Directors and executives in the spotlight

There are three jobs you don't want: prime minister of Australia, and director or senior executive of an Australian public company. While the job churn and media focus is tough for the titular leader of Australia, you have more chance of going to jail, seeing bad photos of yourself and your family in the paper and your children copping a hard time at school if you're a member of a board or the top team. That's not how it was meant to be.

The listed public company structure is now 416 years old. It was founded when the hot technologies were the slide ruler, the pocket watch and the reflecting telescope, and the best pieces of communication infrastructure were the horse and boat, so it's worth asking if the public company is past its use by date. Not that the Dutch East India Company wasn't the buy of the decade in the 1600s - at one stage its shares were up 3000 per cent on its IPO and it paid dividends of up to 63 per cent. Plus, the world's first multinational knew how to fix competitors: two years after listing, its employees found 10 Englishmen from a rival company trying to take business from them so they beheaded them.

The listed public company was created to raise capital.

Two hundred years later, the creation of the limited company meant shareholders didn't risk losing all their personal assets or heading into debtors' prison if a company went belly-up. This combination of access to capital and limited risk fuelled global industrial growth and the occasional stockmarket crash.

In 2018, shareholders are relatively safe from prosecution and persecution; directors and executives are not so lucky.

Elmer Funke Kupper, former CEO of Tabcorp, became chief executive of ASX in 2011, remaining on the board of Tabcorp. In 2016, the AFP began an investigation into an issue at Tabcorp.

At Tabcorp and ASX, Funke Kupper created serious value for shareholders. On news of the investigation, he did the right thing and stepped down from both positions, while denying any wrongdoing. The media stalked him at home and his face was all over the news. That was more than two years ago and it is understood that the AFP still hasn't contacted him.

In June this year, the ACCC laid criminal charges against the ANZ, Citigroup, Deutsche Bank and six senior executives. The banking royal commission has accused NAB and CBA of possible criminal offences. If it's not criminal charges, then it's being treated like a criminal at a royal commission or a senate inquiry, or directors' private lives being given the sort of attention normally reserved for deviant celebrities. The idea that directors and executives might sometimes need to be sent to the slammer is only new to those who don't know our business history.

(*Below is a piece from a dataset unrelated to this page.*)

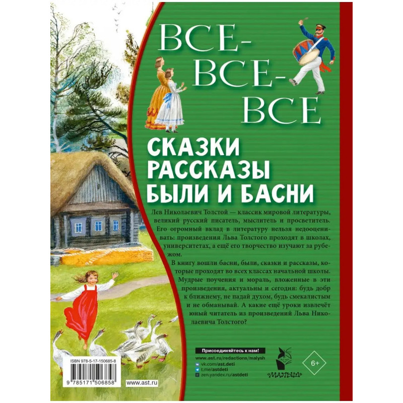 Лев Николаевич Толстой классик мировой литературы, великий русский писатель, мыслитель и просветитель. Его огромный вклад в литературу нельзя недооценивать: произведения Льва Толстого проходят в школах, университетах, а ещё его творчество изучают за рубежом. В книгу вошли басни, были, сказки и рассказы, которые проходят во всех классах начальной школы. Мудрые поучения и мораль, вложенные в эти произведения, актуальны и сегодня: будь добр к ближнему, не падай духом, будь смекалистым и не обманывай. А какие ещё уроки извлечёт юный читатель из произведений Льва Николаевича Толстого?

Remember the collapses of companies such as Adelaide Steamship, Bond Corporation and Bond Brewing; all three major commercial television networks; Budget; Fairfax; Pyramid; Tricontinental; Partnership Pacific; Elders Finance; State Bank of Victoria and the State Bank of South Australia? Justice John Mansfield led the royal commission into the State Bank collapse.

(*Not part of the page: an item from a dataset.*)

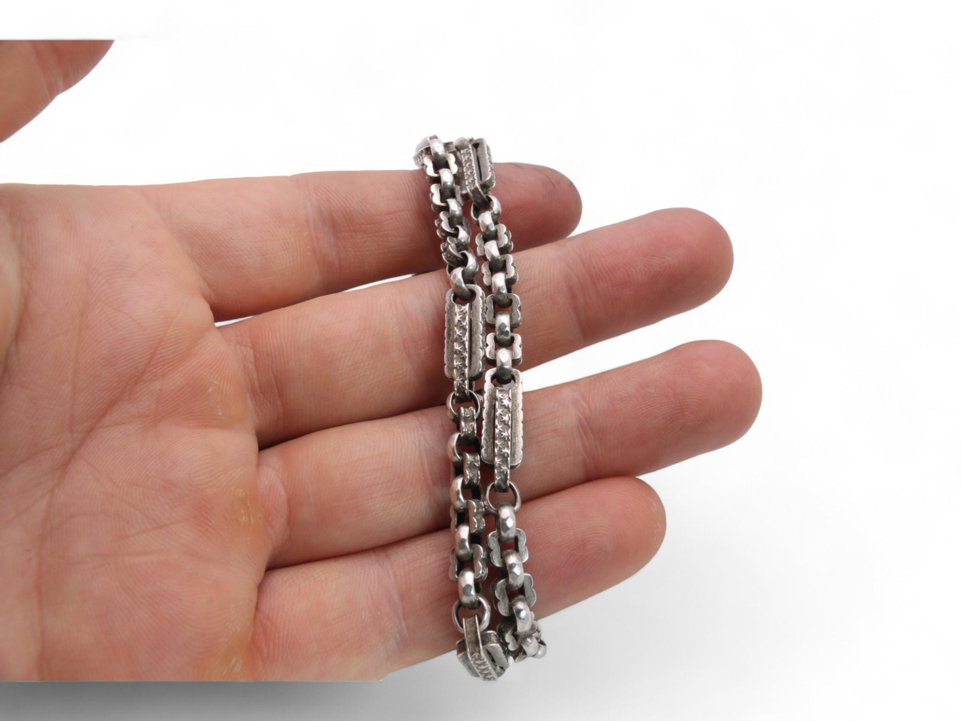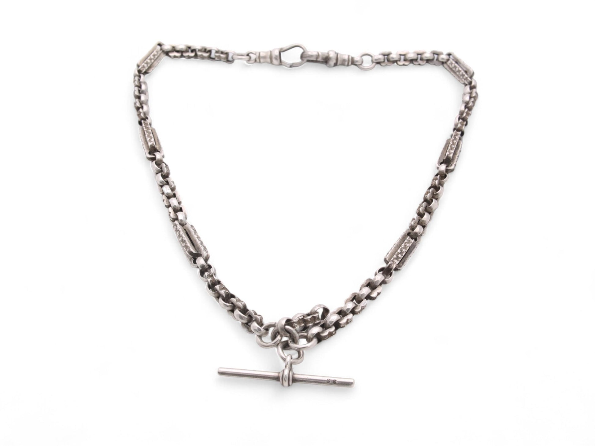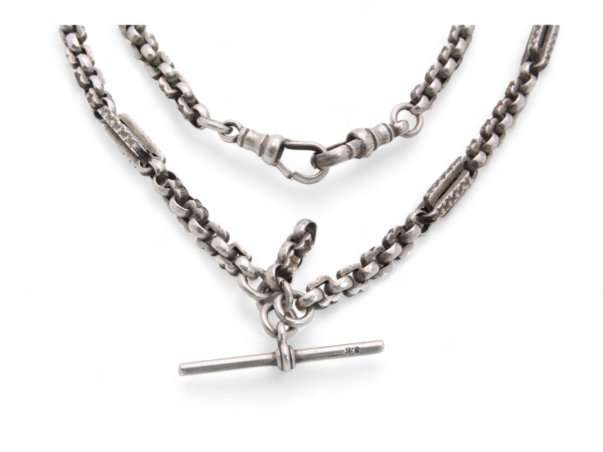 Antique Sterling Silver Fancy Star Link Double Albert Chain, 15.75"

As Dr Greg McCarthy says, "in his report Mansfield focused on the legal basis for mounting prosecutions against members of the board and some of the managers, whose decisions could provide the basis for either civil or criminal prosecutions so as to get some of the money back". Trevor Sykes summed it up in his 1994 book The Bold Riders: "Never before in Australian history had so much money been channelled by so many people incompetent to lend it into the hands of so many people incompetent to manage it."

In 2018, you don't need to be listed to raise capital; there's a flood of it looking for a home, and that home is increasingly not publicly listed companies. The smart money is going into private equity, along with some of the smartest people. And a lot of the smartest people like focusing on performance rather than ever-expanding governance requirements. At the end of last year, 3600 companies were listed on US stock exchanges - just over half the number there were in 1997. Of the top 50 ASX companies in 1980, only 10 are listed today. Thirty-four were taken over and six have underperformed.

As Justice Michael Kirby said 20 years ago: "Where is the modern equivalent of the legal imagination that gave birth to the highly successful idea of the limited liability company?

On the brink of a new millennium, we should be thinking creatively about the ways in which the law can facilitate economic development, and not simply coerce, regulate and control its occasional errors and ugly manifestations.